I have just fitted my own RWH system and trailing now to work out payback times etc, but it just makes sense to reuse rainwater wherever we can.

Think about it, We still used drinking water to flush our shite away!

The first 3 months of usage I have monitored just the wc,s and saved 500ltrs a week on just flushing the toilets.
I've just connected the washing machine this week and now that figure has double so potential savings of a 1000lts , 1 cubic meter, 220 gallons or a tonne of water, whichever way you want to look at it if everyone did it then it would be a huge amount of water redistributed rather than put back into the already over stressed drainage system.
 




DavidinSouthampton

Well-known member
NSC Patron
Jan 3, 2012
16,582
Is it just me...hopefully it is...who finds it hard to muster sympathy when I see very proper middle class country folk I. Twinset and pearls clutching their pedigree spaniels to their chest and telling us that their Aga is ruined and the gardener had run out of buckets?

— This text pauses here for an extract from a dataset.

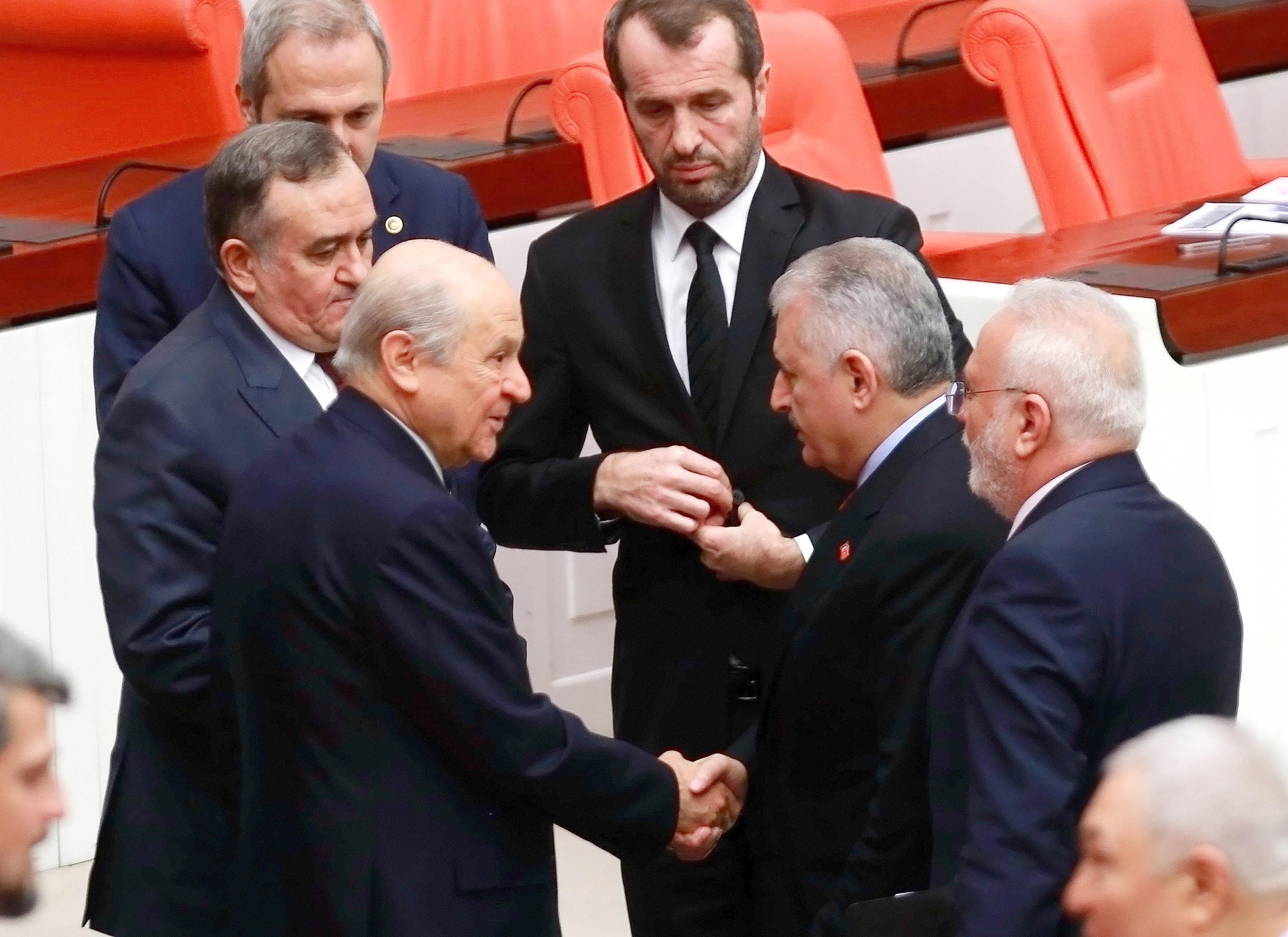 TBMM Genel Kurulu'nda, AK Parti'nin anayasa değişiklik teklifinin maddelerine geçilmesinin, 338 oyla kabul edilmesinin ardından Başbakan Binali Yıldırım, oturduğu AK Parti sıralarından MHP Genel Başkanı Devlet Bahçeli’nin Genel Kurul salonundaki grup sırasında oturduğu yere giderek, MHP Lideri'ne teşekkür etti. Yıldırım ve Bahçeli, tokalaşmalarının ardından bir süre sohbet etti.

I wonder if Cameron and co would have moved the army in if it was Merseyside or Wolverhampton being flooded rather than multi million pound houses in the Thames Valley. Blaming the Environment Agency for this is just a fvcking disgrace.

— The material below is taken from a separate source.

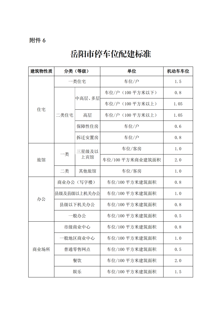 十九、市中心城区停车位的配建按照《岳阳市中心城区停车位配建标准》(见附件6)执行,表中未明确的事项或所列事项不明确的,由市资规局根据具体情况核定停车位配建标准。改(扩)建建筑物总面积大于或等于500平方米的,除增加建筑面积的部分应按要求配建停车位外,按原建筑物面积配建停车位不足的,应在改(扩)建的同时,按不低于车位差额数的30%予以补建。学校及医院应设置即走即停车辆临时停靠点。

No, it isn't just you. Although I feel sorry for all those affected so badly, one does have some choice as to where one lives. I can remember when I was about 8, 50plus years ago, when we moved house and my mother was insistent on moving to "higher ground.". If you move in to a renovated water-mill somewhere, you surely must expect the possibility of unwelcome water in your kitchen.
 


Creaky

Well-known member
Mar 26, 2013
3,842
Hookwood - Nr Horley
No, it isn't just you. Although I feel sorry for all those affected so badly, one does have some choice as to where one lives. I can remember when I was about 8, 50plus years ago, when we moved house and my mother was insistent on moving to "higher ground.". If you move in to a renovated water-mill somewhere, you surely must expect the possibility of unwelcome water in your kitchen.

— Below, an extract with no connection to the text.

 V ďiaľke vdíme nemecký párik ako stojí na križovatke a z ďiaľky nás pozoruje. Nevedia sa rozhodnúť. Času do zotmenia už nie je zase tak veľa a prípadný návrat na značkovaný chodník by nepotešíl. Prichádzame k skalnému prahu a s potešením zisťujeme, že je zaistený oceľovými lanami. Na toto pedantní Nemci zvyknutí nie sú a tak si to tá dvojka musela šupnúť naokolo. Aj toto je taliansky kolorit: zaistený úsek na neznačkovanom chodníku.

It's NOT the houses being flooded that is the problem - it is the land - less than 50 houses actually flooded in the Somerset levels - tens of thousands of acres of farmland flooded!

Load of good living on higher ground if all the surrounding area is flooded!
 




DavidinSouthampton

Well-known member
NSC Patron
Jan 3, 2012
16,582
Perhaps they should extend their Geographical knowledge as far as the Netherlands. ???

There is a letter in the Guardian today from a chartered engineer which points out that potential solutions have probably been planned at some point for all the places which are currently in trouble, but they have not been implemented because of cost. The Netherlands spends ten times what we do per head of population on flood/sea defences.

I am not saying we should spend that much more, but it is a perhaps a question of do you spend the money, or do you cope with the consequences.
 


Creaky

Well-known member
Mar 26, 2013
3,842
Hookwood - Nr Horley
There is a letter in the Guardian today from a chartered engineer which points out that potential solutions have probably been planned at some point for all the places which are currently in trouble, but they have not been implemented because of cost. The Netherlands spends ten times what we do per head of population on flood/sea defences.

I am not saying we should spend that much more, but it is a perhaps a question of do you spend the money, or do you cope with the consequences.

It would be interesting to know how much is spent by the environment agency in an area like Brighton compared to that spent say in Guildford. I suspect that keeping sea defences in order is a lot more expensive than keeping the River Wey clear.